Prompt → Output each entry below as it stands, leaving out every picture.

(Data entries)
·····
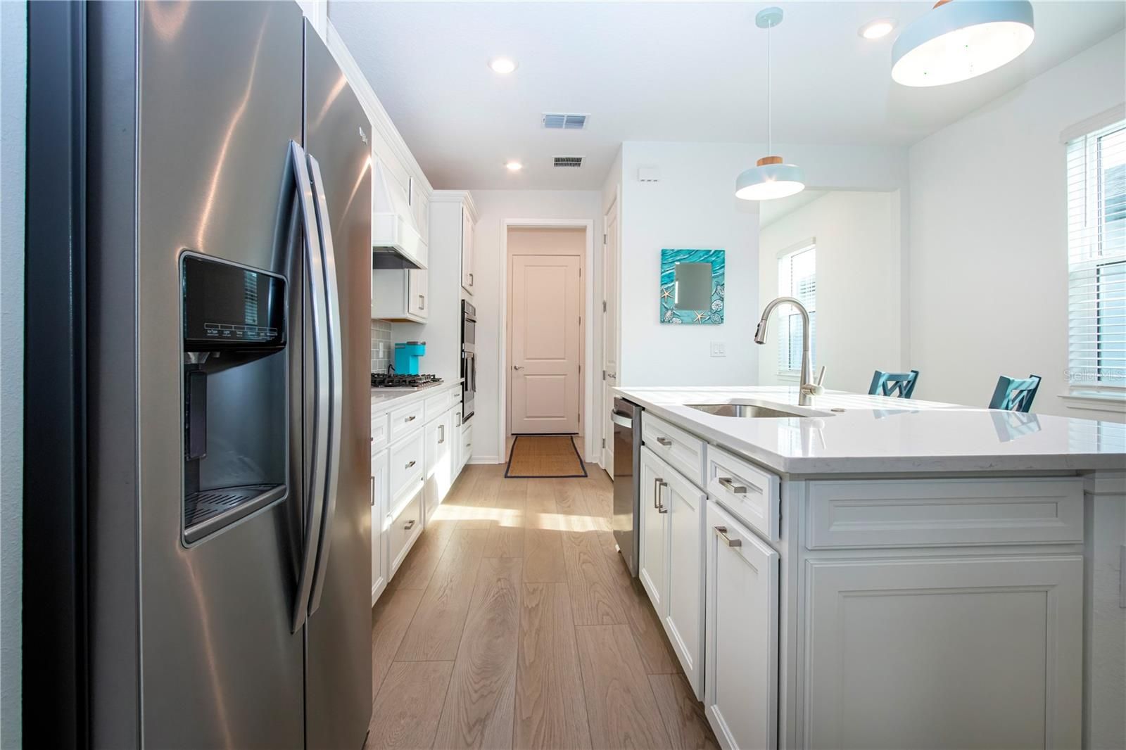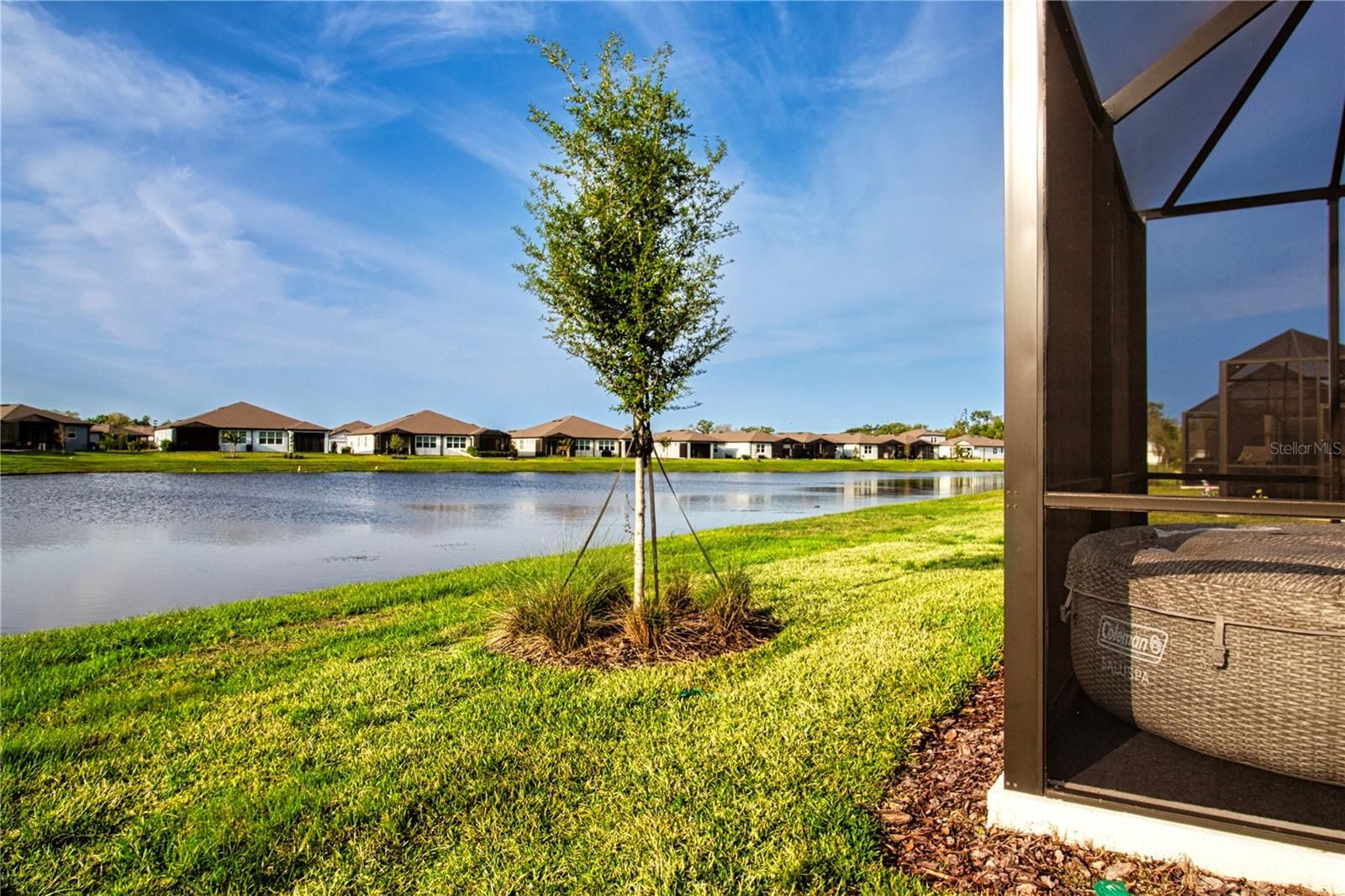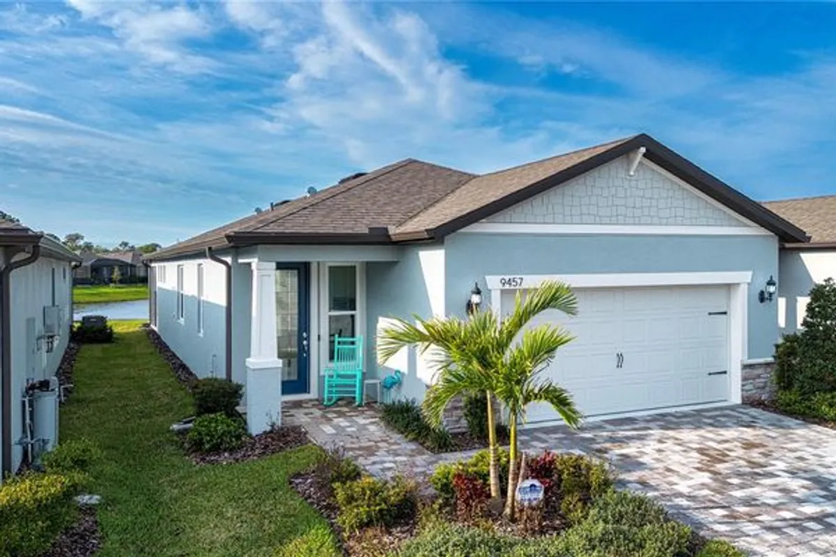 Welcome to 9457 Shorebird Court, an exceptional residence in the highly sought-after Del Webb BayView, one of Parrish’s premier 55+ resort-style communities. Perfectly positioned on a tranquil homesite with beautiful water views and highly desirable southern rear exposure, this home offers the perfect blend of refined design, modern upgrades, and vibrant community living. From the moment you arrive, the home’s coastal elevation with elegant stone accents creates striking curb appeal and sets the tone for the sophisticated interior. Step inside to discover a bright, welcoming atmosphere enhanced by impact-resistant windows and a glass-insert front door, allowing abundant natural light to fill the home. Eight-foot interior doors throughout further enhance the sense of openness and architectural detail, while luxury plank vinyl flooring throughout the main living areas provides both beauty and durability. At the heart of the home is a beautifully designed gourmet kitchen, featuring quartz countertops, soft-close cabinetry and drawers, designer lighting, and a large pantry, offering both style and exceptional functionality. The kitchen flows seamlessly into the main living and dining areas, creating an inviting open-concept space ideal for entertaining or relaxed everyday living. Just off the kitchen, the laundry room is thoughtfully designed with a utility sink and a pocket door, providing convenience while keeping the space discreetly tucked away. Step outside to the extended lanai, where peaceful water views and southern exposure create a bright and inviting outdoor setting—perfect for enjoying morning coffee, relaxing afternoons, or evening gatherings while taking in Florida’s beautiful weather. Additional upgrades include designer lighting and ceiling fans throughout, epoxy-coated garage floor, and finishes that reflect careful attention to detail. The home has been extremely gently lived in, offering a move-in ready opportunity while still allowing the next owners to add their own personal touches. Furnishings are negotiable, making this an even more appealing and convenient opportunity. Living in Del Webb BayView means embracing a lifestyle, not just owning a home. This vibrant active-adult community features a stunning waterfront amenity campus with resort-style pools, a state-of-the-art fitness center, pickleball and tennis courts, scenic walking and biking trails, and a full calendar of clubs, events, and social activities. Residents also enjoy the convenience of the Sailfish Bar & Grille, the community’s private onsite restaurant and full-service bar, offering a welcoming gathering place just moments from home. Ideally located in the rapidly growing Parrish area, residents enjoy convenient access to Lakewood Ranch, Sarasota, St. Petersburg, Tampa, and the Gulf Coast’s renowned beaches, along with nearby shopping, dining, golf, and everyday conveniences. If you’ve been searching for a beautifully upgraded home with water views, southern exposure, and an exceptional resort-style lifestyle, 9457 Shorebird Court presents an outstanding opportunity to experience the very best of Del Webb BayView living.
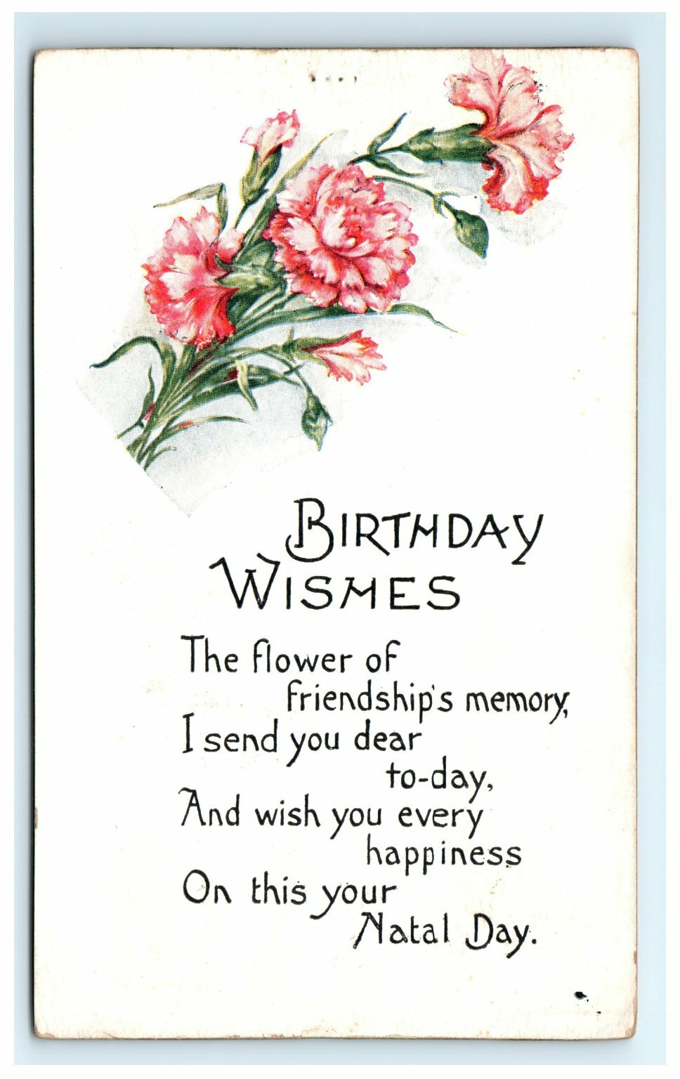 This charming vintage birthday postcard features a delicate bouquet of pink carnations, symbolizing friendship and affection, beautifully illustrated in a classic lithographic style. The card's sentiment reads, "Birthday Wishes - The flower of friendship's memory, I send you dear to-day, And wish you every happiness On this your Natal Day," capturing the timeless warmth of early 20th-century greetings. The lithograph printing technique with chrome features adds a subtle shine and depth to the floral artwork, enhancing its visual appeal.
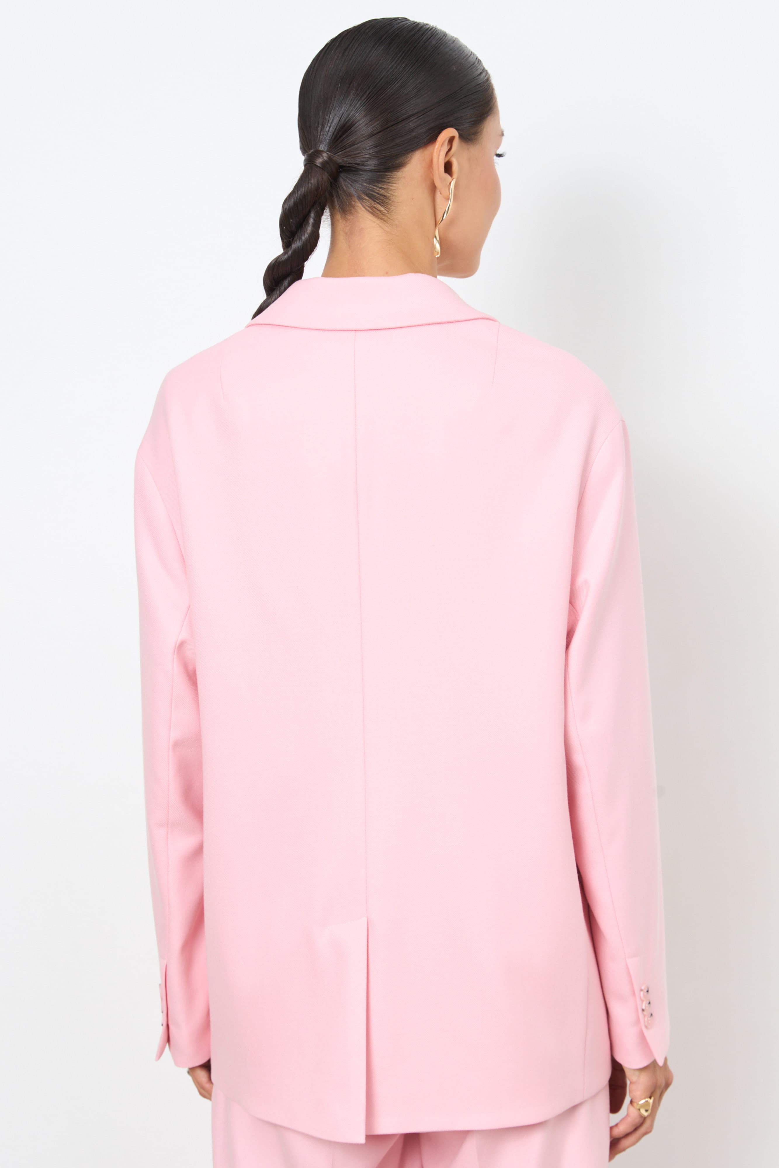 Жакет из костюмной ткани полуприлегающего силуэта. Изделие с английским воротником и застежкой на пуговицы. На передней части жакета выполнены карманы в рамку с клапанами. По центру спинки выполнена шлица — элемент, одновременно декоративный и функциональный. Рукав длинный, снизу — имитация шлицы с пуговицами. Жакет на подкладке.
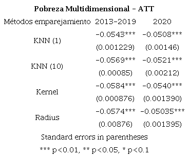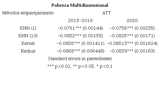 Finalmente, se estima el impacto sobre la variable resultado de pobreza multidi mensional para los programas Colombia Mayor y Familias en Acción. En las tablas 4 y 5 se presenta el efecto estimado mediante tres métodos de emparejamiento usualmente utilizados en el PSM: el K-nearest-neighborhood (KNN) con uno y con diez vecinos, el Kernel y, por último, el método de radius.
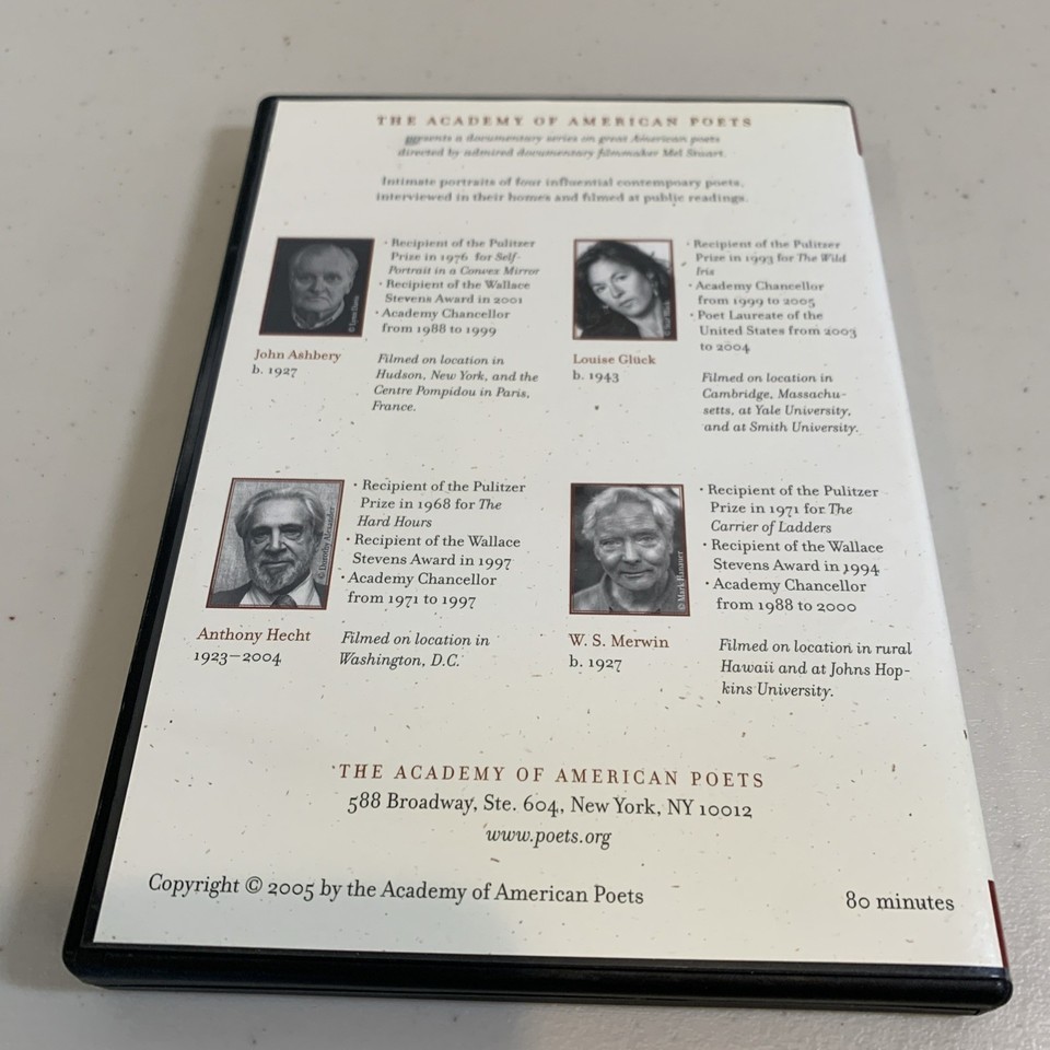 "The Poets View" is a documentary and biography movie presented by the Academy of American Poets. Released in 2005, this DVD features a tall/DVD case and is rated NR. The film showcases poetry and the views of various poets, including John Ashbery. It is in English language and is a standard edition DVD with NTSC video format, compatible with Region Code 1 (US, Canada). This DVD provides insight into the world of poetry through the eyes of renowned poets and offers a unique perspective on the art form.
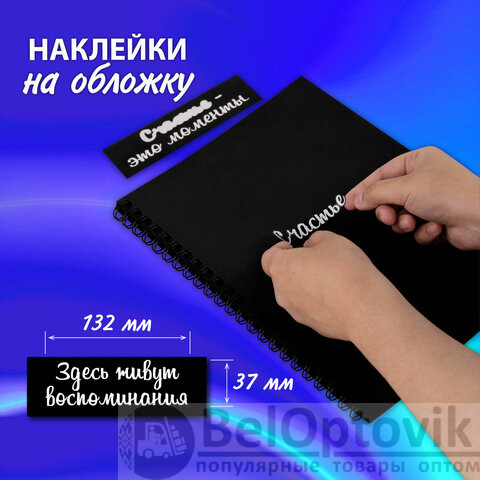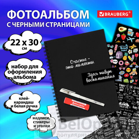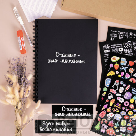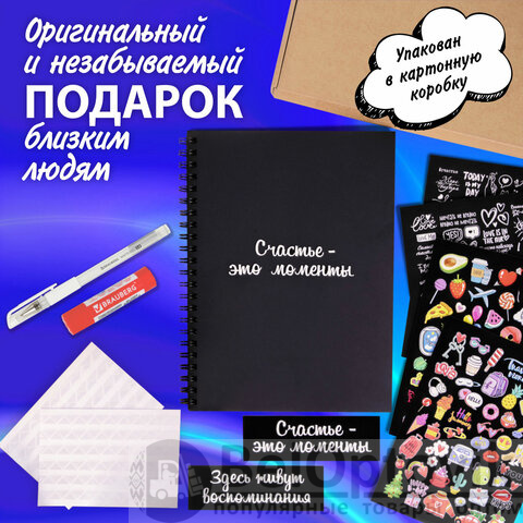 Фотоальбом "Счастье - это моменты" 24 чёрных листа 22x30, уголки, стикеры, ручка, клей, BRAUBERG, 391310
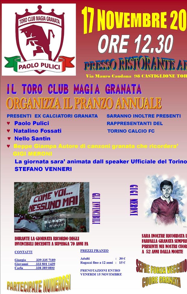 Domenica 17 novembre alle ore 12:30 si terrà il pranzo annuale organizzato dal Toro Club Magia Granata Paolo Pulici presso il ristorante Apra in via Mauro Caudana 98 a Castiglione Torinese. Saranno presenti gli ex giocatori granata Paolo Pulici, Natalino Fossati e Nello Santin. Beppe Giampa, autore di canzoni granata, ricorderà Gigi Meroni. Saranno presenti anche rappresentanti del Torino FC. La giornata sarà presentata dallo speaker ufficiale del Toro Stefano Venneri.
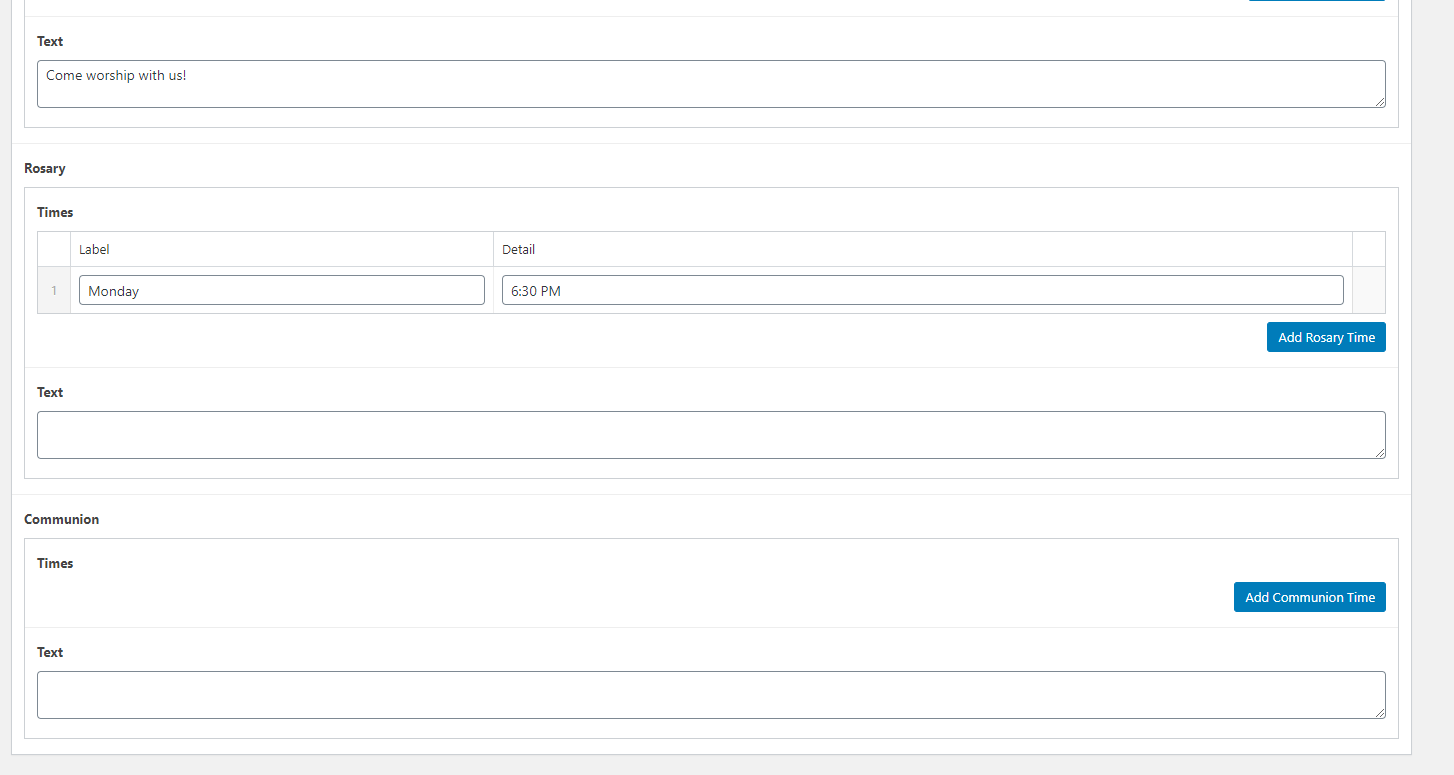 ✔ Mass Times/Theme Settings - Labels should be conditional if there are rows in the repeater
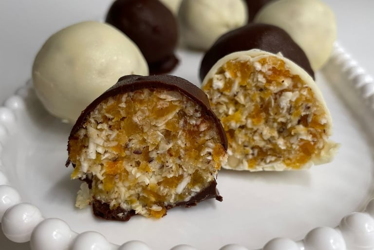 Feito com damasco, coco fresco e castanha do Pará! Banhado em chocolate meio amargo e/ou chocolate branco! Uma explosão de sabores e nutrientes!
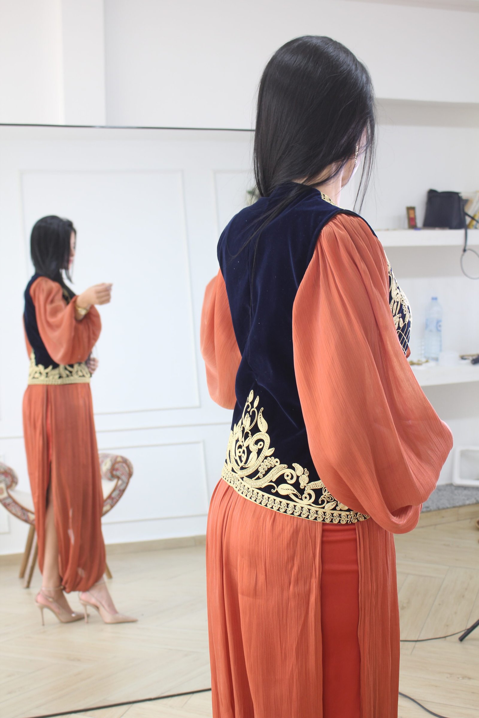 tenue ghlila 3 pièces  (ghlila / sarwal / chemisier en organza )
·····
Result of this exercise →
 Welcome to 9457 Shorebird Court, an exceptional residence in the highly sought-after Del Webb BayView, one of Parrish’s premier 55+ resort-style communities. Perfectly positioned on a tranquil homesite with beautiful water views and highly desirable southern rear exposure, this home offers the perfect blend of refined design, modern upgrades, and vibrant community living. From the moment you arrive, the home’s coastal elevation with elegant stone accents creates striking curb appeal and sets the tone for the sophisticated interior. Step inside to discover a bright, welcoming atmosphere enhanced by impact-resistant windows and a glass-insert front door, allowing abundant natural light to fill the home. Eight-foot interior doors throughout further enhance the sense of openness and architectural detail, while luxury plank vinyl flooring throughout the main living areas provides both beauty and durability. At the heart of the home is a beautifully designed gourmet kitchen, featuring quartz countertops, soft-close cabinetry and drawers, designer lighting, and a large pantry, offering both style and exceptional functionality. The kitchen flows seamlessly into the main living and dining areas, creating an inviting open-concept space ideal for entertaining or relaxed everyday living. Just off the kitchen, the laundry room is thoughtfully designed with a utility sink and a pocket door, providing convenience while keeping the space discreetly tucked away. Step outside to the extended lanai, where peaceful water views and southern exposure create a bright and inviting outdoor setting—perfect for enjoying morning coffee, relaxing afternoons, or evening gatherings while taking in Florida’s beautiful weather. Additional upgrades include designer lighting and ceiling fans throughout, epoxy-coated garage floor, and finishes that reflect careful attention to detail. The home has been extremely gently lived in, offering a move-in ready opportunity while still allowing the next owners to add their own personal touches. Furnishings are negotiable, making this an even more appealing and convenient opportunity. Living in Del Webb BayView means embracing a lifestyle, not just owning a home. This vibrant active-adult community features a stunning waterfront amenity campus with resort-style pools, a state-of-the-art fitness center, pickleball and tennis courts, scenic walking and biking trails, and a full calendar of clubs, events, and social activities. Residents also enjoy the convenience of the Sailfish Bar & Grille, the community’s private onsite restaurant and full-service bar, offering a welcoming gathering place just moments from home. Ideally located in the rapidly growing Parrish area, residents enjoy convenient access to Lakewood Ranch, Sarasota, St. Petersburg, Tampa, and the Gulf Coast’s renowned beaches, along with nearby shopping, dining, golf, and everyday conveniences. If you’ve been searching for a beautifully upgraded home with water views, southern exposure, and an exceptional resort-style lifestyle, 9457 Shorebird Court presents an outstanding opportunity to experience the very best of Del Webb BayView living.
 This charming vintage birthday postcard features a delicate bouquet of pink carnations, symbolizing friendship and affection, beautifully illustrated in a classic lithographic style. The card's sentiment reads, "Birthday Wishes - The flower of friendship's memory, I send you dear to-day, And wish you every happiness On this your Natal Day," capturing the timeless warmth of early 20th-century greetings. The lithograph printing technique with chrome features adds a subtle shine and depth to the floral artwork, enhancing its visual appeal.
 Жакет из костюмной ткани полуприлегающего силуэта. Изделие с английским воротником и застежкой на пуговицы. На передней части жакета выполнены карманы в рамку с клапанами. По центру спинки выполнена шлица — элемент, одновременно декоративный и функциональный. Рукав длинный, снизу — имитация шлицы с пуговицами. Жакет на подкладке.
 Finalmente, se estima el impacto sobre la variable resultado de pobreza multidi mensional para los programas Colombia Mayor y Familias en Acción. En las tablas 4 y 5 se presenta el efecto estimado mediante tres métodos de emparejamiento usualmente utilizados en el PSM: el K-nearest-neighborhood (KNN) con uno y con diez vecinos, el Kernel y, por último, el método de radius.
 "The Poets View" is a documentary and biography movie presented by the Academy of American Poets. Released in 2005, this DVD features a tall/DVD case and is rated NR. The film showcases poetry and the views of various poets, including John Ashbery. It is in English language and is a standard edition DVD with NTSC video format, compatible with Region Code 1 (US, Canada). This DVD provides insight into the world of poetry through the eyes of renowned poets and offers a unique perspective on the art form.
 Фотоальбом "Счастье - это моменты" 24 чёрных листа 22x30, уголки, стикеры, ручка, клей, BRAUBERG, 391310
 Domenica 17 novembre alle ore 12:30 si terrà il pranzo annuale organizzato dal Toro Club Magia Granata Paolo Pulici presso il ristorante Apra in via Mauro Caudana 98 a Castiglione Torinese. Saranno presenti gli ex giocatori granata Paolo Pulici, Natalino Fossati e Nello Santin. Beppe Giampa, autore di canzoni granata, ricorderà Gigi Meroni. Saranno presenti anche rappresentanti del Torino FC. La giornata sarà presentata dallo speaker ufficiale del Toro Stefano Venneri.
 ✔ Mass Times/Theme Settings - Labels should be conditional if there are rows in the repeater
 Feito com damasco, coco fresco e castanha do Pará! Banhado em chocolate meio amargo e/ou chocolate branco! Uma explosão de sabores e nutrientes!
 tenue ghlila 3 pièces  (ghlila / sarwal / chemisier en organza )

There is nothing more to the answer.